My new project: daily Belle Epoque stuff

Sunday, August 13, 2017

I think it's been almost half a year since my last post. In the meantime I was busy with finally getting around to getting a formal university degree, and doing it at quite a rapid pace. It's finally done and I can get back to other things now.

One of them is an outlet for my Belle Epoque fascination. After translating the first third of Jules Huret's l'Allemagne Moderne I gave some thought as to how to complete the rest. To do that I believe I'll need to drum up interest in the era itself, because I don't think the era just before the world wars started is sufficiently appreciated. That leads to WWI being seen as WWII's poor cousin when really it was the greater of the two tragedies: a tragedy that never should have happened is obviously the greater of the two even when the second is larger in scope. WWI is you against your former friends bleeding away in a seemingly neverending alley brawl that neither side can remember the reason for, which you would take back if you could, but which you still want to win and will do anything to come out on top. WWII is a larger rematch after both sides have now become enemies and one you knew was going to happen again one day.

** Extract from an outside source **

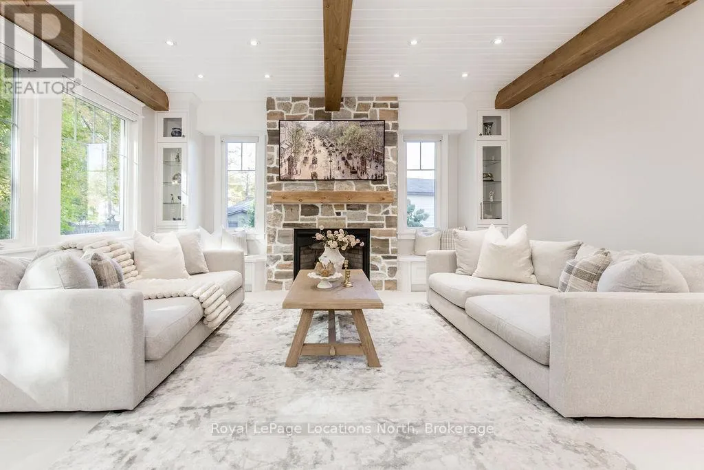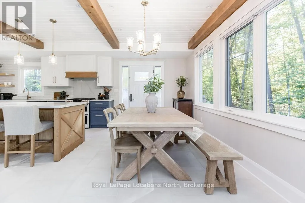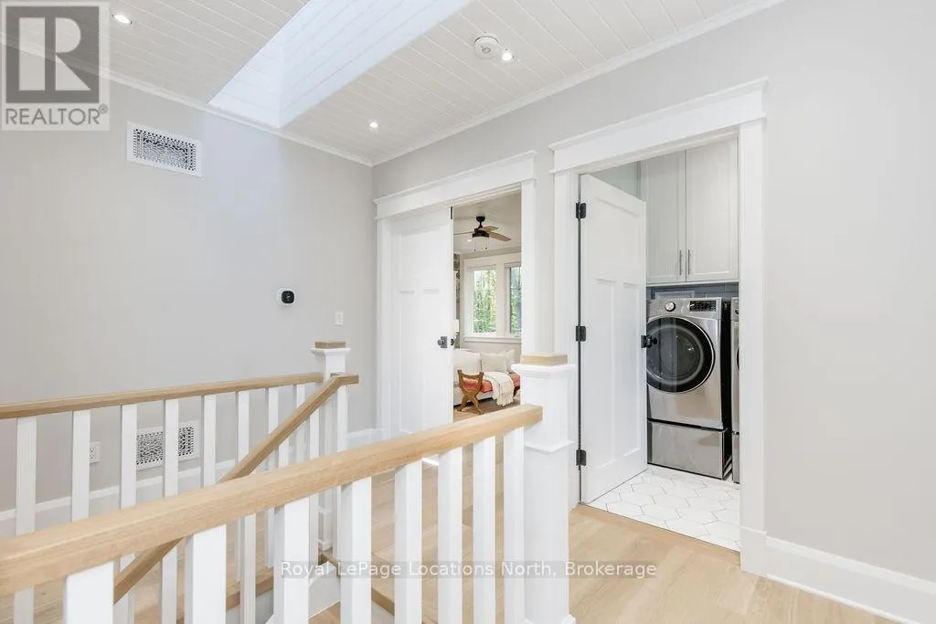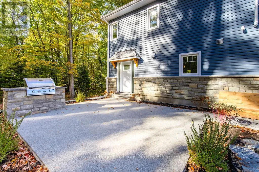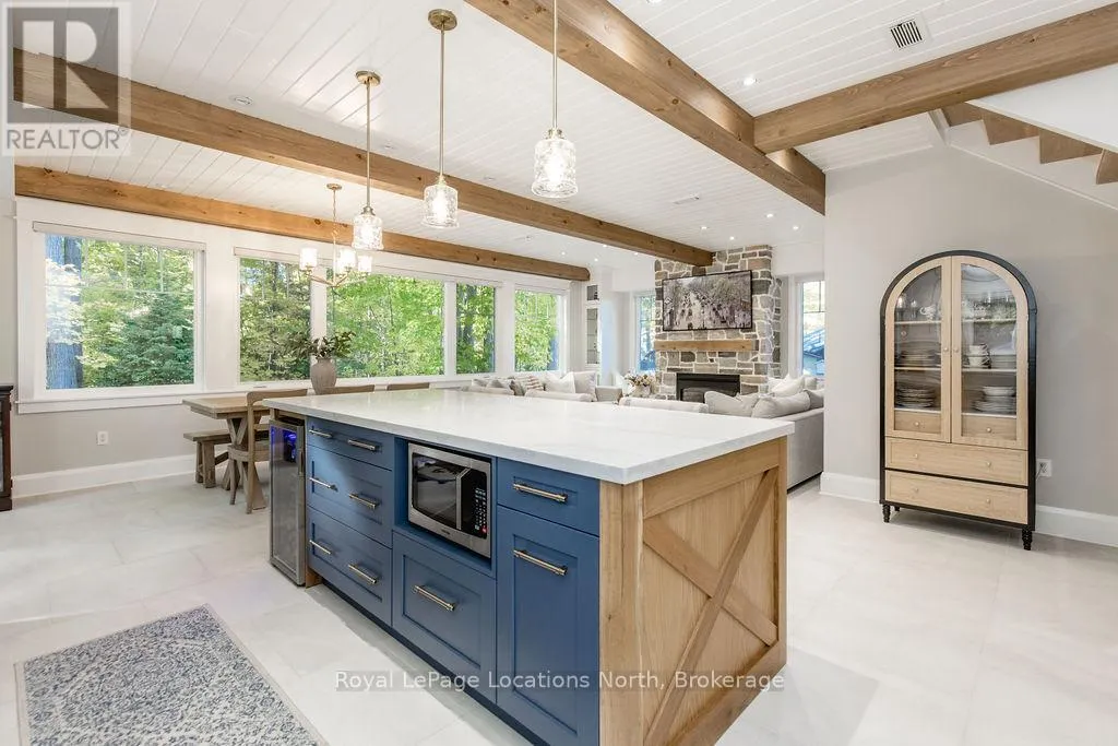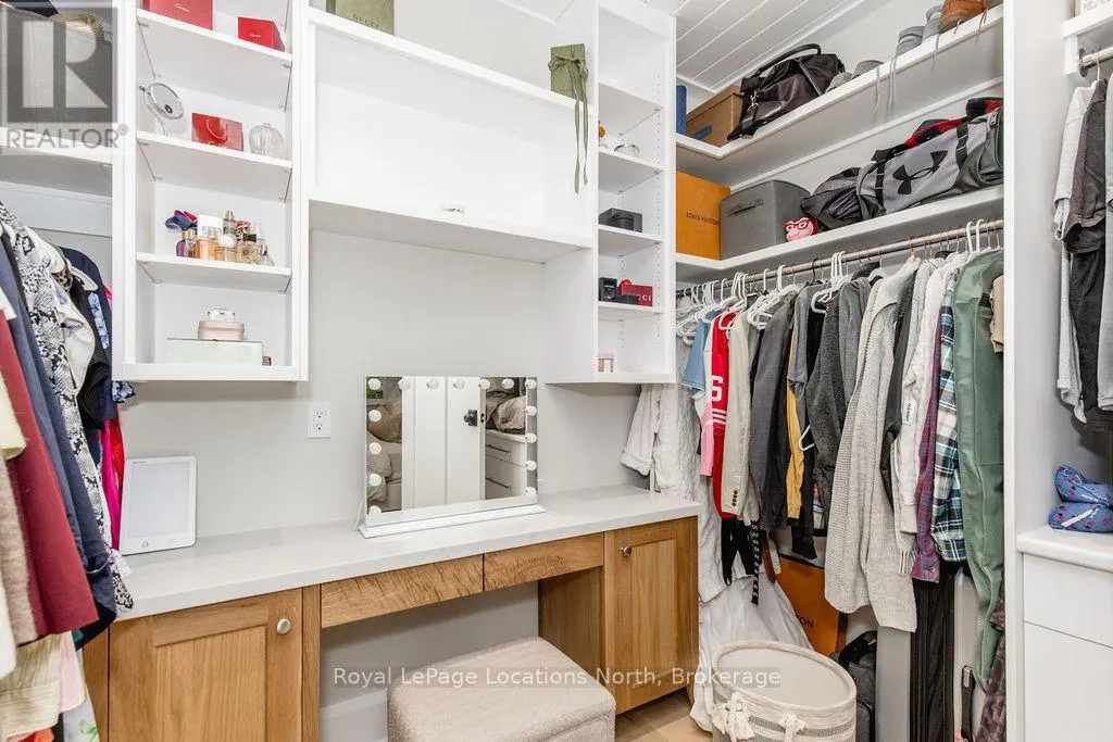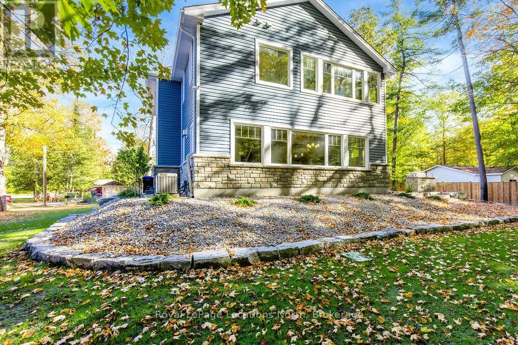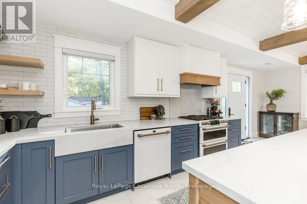 Cross Streets: Mosley Street and Oxbow Park Drive. ** Directions: Mosley Street to Oxbow Park Drive. DREAM HOME - Welcome to this stunning, custom-built 3-bed, 3-bath home showcasing exceptional craftsmanship, built in 2023, perfectly positioned backing onto protected land & directly across from the river in beautiful Wasaga Beach. Designed w/ a mix of modern luxury & timeless character, this home captures a century-home feel with its large mouldings, custom doors, & wood beams with a custom-built stone fireplace accenting the main floor. Inside, the bright open-concept layout features wall-to-wall windows overlooking the forest, flooding the space w/ natural light. The custom kitchen is a true showpiece, showcasing a large quartz island, blue and white cabinetry, a mini wine fridge, & a full quartz backsplash. It's finished w/ a high-end signature line of Wi-Fi-enabled appliances, combining elegance & smart convenience for the modern homeowner. The dining area sits beside large windows, while the living room offers aged wood ceiling beams and tongue-and-groove ceilings that bring warmth & texture throughout along w/ the wide-plank white oak hardwood. Upstairs the hardwood stairs, lead to spacious bedrooms, each w/ custom walk-in closets, built-in desks, shiplap ceilings, & designer touches like wallpaper accents & skylights. The primary suite feels like a retreat, featuring a cozy fireplace, luxurious ensuite w/ floating tub, double quartz sinks, black cabinetry, & a walk-in closet w/ custom cabinetry & make up desk perfect for getting ready for the day.Luxury features include- Inside entry to garage with epoxy flooring + custom storage, hydronic in-floor heating, heated driveway & walkways while outdoors, enjoy the built-in BBQ, rubberized surfacing on patios w/ hot tub hook up, sprinkler system, & tranquil forest backdrop w/ cedar trees surround the patio for privacy.Interior features include motorized blinds, smart home system, security cameras, spray-foam insulation, high-efficiency boiler system, & a hard-wired generator. One to remember! (id:27476)

So a larger appreciation of what was lost should help. This is the site.

http://www.1871to1914.com/

1914 is a well-known number but I want to raise 1871's recognition to help demarcate the era.

The site's subtitle is Your daily dose of the Belle Époque, Europe's golden age, and that's exactly what it is. It is a short daily read of Belle Epoque stuff, whatever I can find produced in the era on Archive.org that I can translate into English. L'Allemagne Moderne will eventually become free to read in its entirety, and other works will show up in an interspersed fashion as well. L'Allemagne Moderne one day, some Deutschland und die Deutschen, that image above from a 1906 Italian Expo guidebook, some other book, back to L'Allemagne Moderne, and so on. Repeat until one book is done and another will fill the gap.

Later on I may start a Patreon campaign, which when successful will let me devote more and more time to these linguistic archaeological digs I love to do. It turns out I can't stop doing them.